↓↓↓
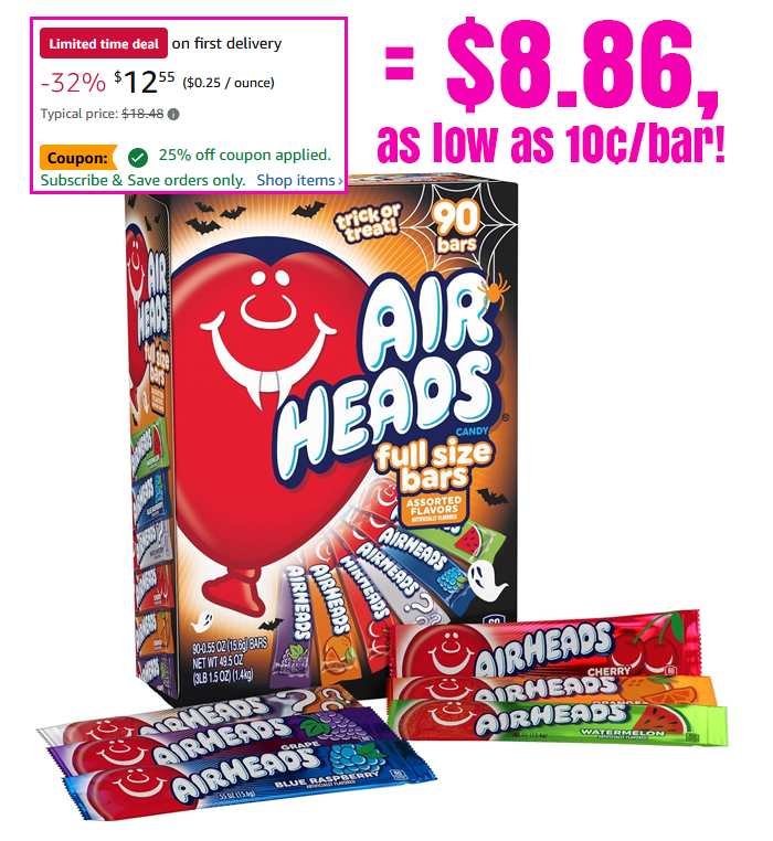 Airheads Candy Bars, Trick or Treat Mega Box, 90 Individually Wrapped Full Size Bars for $14.77
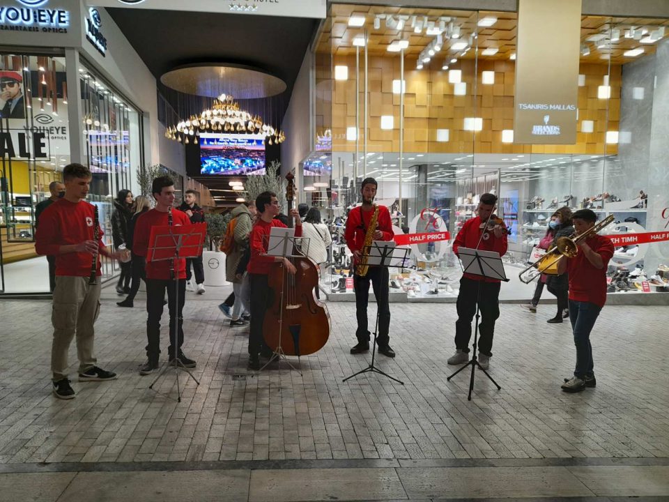 Η πρώτη δημόσια εμφάνιση του Μουσικού Συνόλου Νέων του Τομέα Νεότητας του Ελληνικού Ερυθρού Σταυρού πραγματοποιήθηκε το απόγευμα του Σαββάτου (19/2), σε κεντρικό σημείο της οδού Ερμού, στο κέντρο της Αθήνας. Οι εθελοντές του Τομέα Νεότητας ταξίδεψαν το κοινό με κλασικά ελληνικά και ξένα κομμάτια, κερδίζοντας επάξια το ζεστό χειροκρότημα του κόσμου.
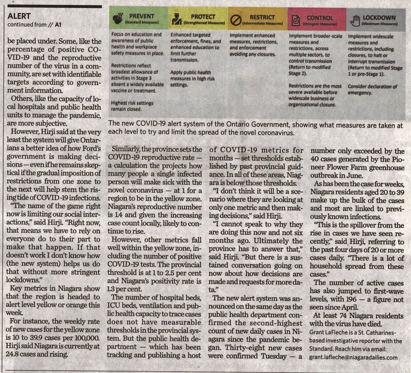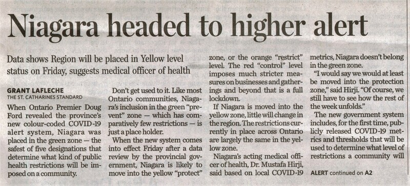 Niagara headed to higher alert : Data shows Region will be placed in Yellow level status on Friday, suggests medical officer of health
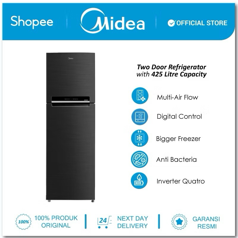 Midea Kulkas 2 Pintu 428L Inverter Hemat Listrik Freezer Besar Everest Hitam MDRT572EVF28ID
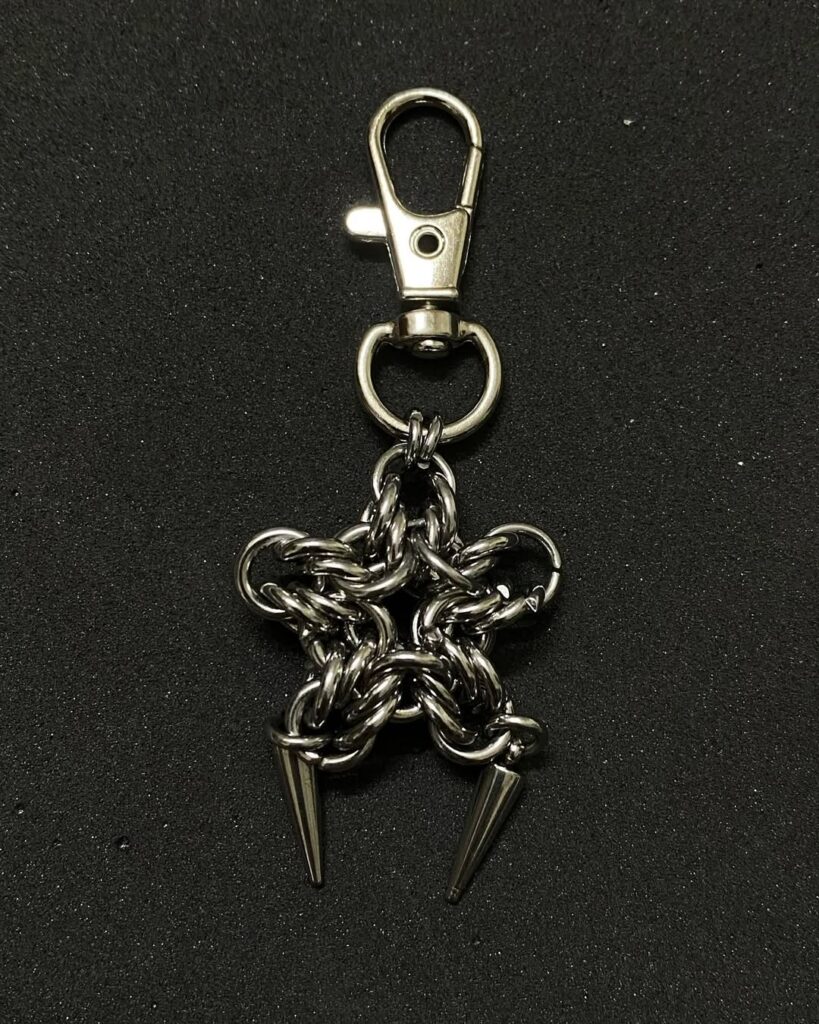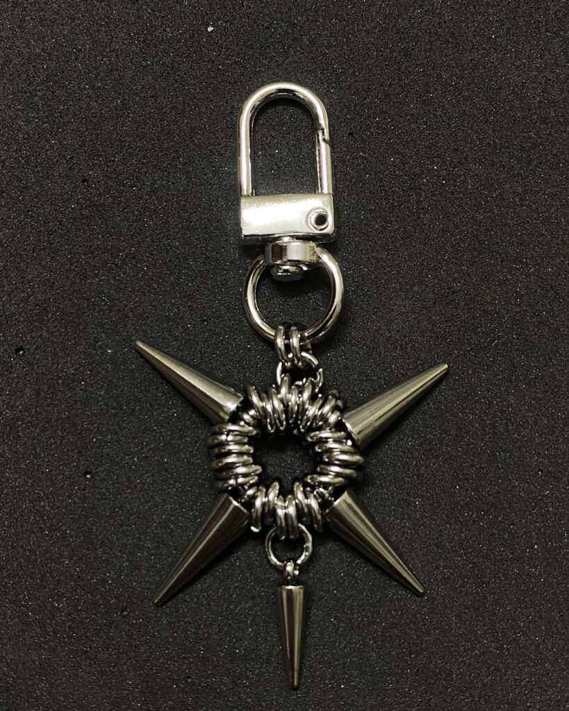 At first glance this keychain is a burst of steel spikes, but look closer and you’ll see the heart: a ring of many tiny links, crafted like a miniature wreath of armor. From that ring extend four long spikes, forming a star that radiates power and rebellion. Beneath, a single spike dangles—adding motion, contrast, and a whisper of sharpness.
↑↑↑
AIM OF THE EXERCISE: What's needed here is an exact repeat of all the records above, pictures excluded.

THE COMPLETED TASK:
 Airheads Candy Bars, Trick or Treat Mega Box, 90 Individually Wrapped Full Size Bars for $14.77
 Η πρώτη δημόσια εμφάνιση του Μουσικού Συνόλου Νέων του Τομέα Νεότητας του Ελληνικού Ερυθρού Σταυρού πραγματοποιήθηκε το απόγευμα του Σαββάτου (19/2), σε κεντρικό σημείο της οδού Ερμού, στο κέντρο της Αθήνας. Οι εθελοντές του Τομέα Νεότητας ταξίδεψαν το κοινό με κλασικά ελληνικά και ξένα κομμάτια, κερδίζοντας επάξια το ζεστό χειροκρότημα του κόσμου.
 Niagara headed to higher alert : Data shows Region will be placed in Yellow level status on Friday, suggests medical officer of health
 Midea Kulkas 2 Pintu 428L Inverter Hemat Listrik Freezer Besar Everest Hitam MDRT572EVF28ID
 At first glance this keychain is a burst of steel spikes, but look closer and you’ll see the heart: a ring of many tiny links, crafted like a miniature wreath of armor. From that ring extend four long spikes, forming a star that radiates power and rebellion. Beneath, a single spike dangles—adding motion, contrast, and a whisper of sharpness.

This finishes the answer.